Traditional Trade Finance Challenges
Trade finance is a centuries old industry that remains true to its traditional business model. Traditional it is, but the industry has seen little to no change or adaptation over the past decade despite the digital disruption present in all business sectors. Whether the business of trade addresses the shifting landscape or not, the trade finance industry is increasingly faced with both opportunities and threats.
Due to the industry’s legacy and timeline, trade finance has remained loyal to the same model that has historically delivered success; however, other tangentially related industries such as logistics, specialty finance, and supply chain management continue to innovate and adapt and as such, could begin to cross over into traditional trade finance territory.
The current model presents each party participating in a trade transaction with pain points. Given that the industry is still very much paper based, the timeline for a transaction is a prolonged process involving a paper trail between all parties and necessary exchange validations. Additionally, trade between international buyers and sellers allows for miscommunication due to the use of different systematic databases and platforms.
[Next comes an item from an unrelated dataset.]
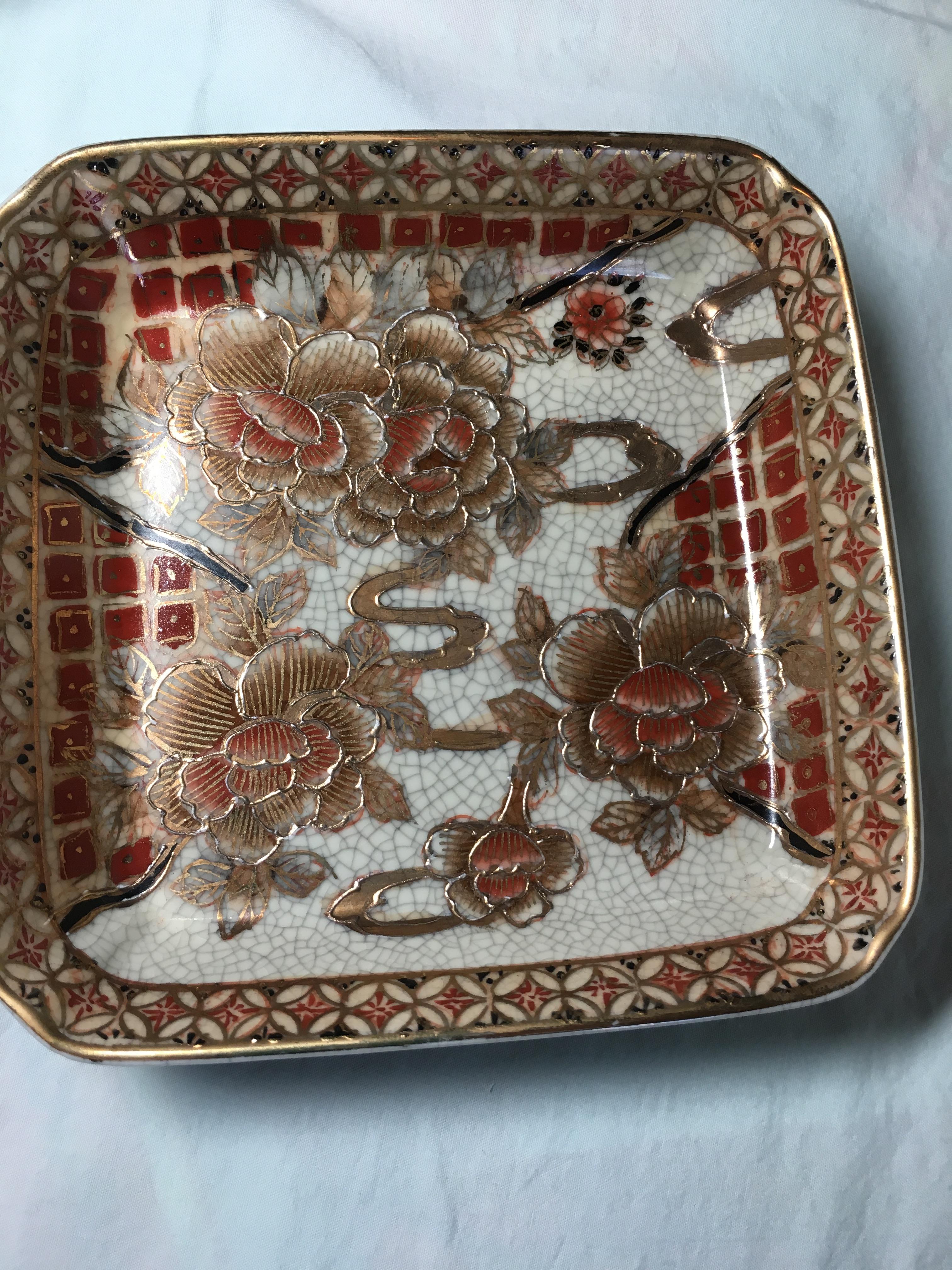 This square dish (about 4-5" across) in rust and gold is marked on the bottom with Japanese (?) characters and the words "Satsuma Handpainted".  I am fairly certain it is vintage (over 20 years old).  I wonder if it is older than that and would like more information about the source of the dish.  Thanks!!

The disconnected, inefficient operations create a dilemma - stick with large financial institutions and the handling of all trade requirements through Letters of Credit and their additional costs, or deal with disparate third party providers of financial, logistical and documentation services.
The threats being rather obvious -- the process is extremely inconvenient for all parties and costly in both time and investment. The model involves a lot of human effort - a far cry from the expectations of today’s digital society, of acceleration and convenience in all user experiences. Miscommunication in trade finance has the potential to disrupt and damage an entire sales cycle.
This paper based business has the opportunity to at least alleviate the tedious processes by inserting electronic and digital processing to rid of miscommunication and prolonged transaction timelines. This opportunity also holds the key to transforming the way in which the fundamentals of trade finance are structured, and building a new approach to the cross border trade business.
In an industry that rests on its laurels and prefers to stick with what works, the use of technology is the key ingredient to unleashing the industry’s full potential. Ultimately, the digital adaptation of trade finance will provide a better experience for all stakeholders. By applying technology to create seamless communication and expedite the trade process, all party operations are simplified and redesigned for maximum efficiency.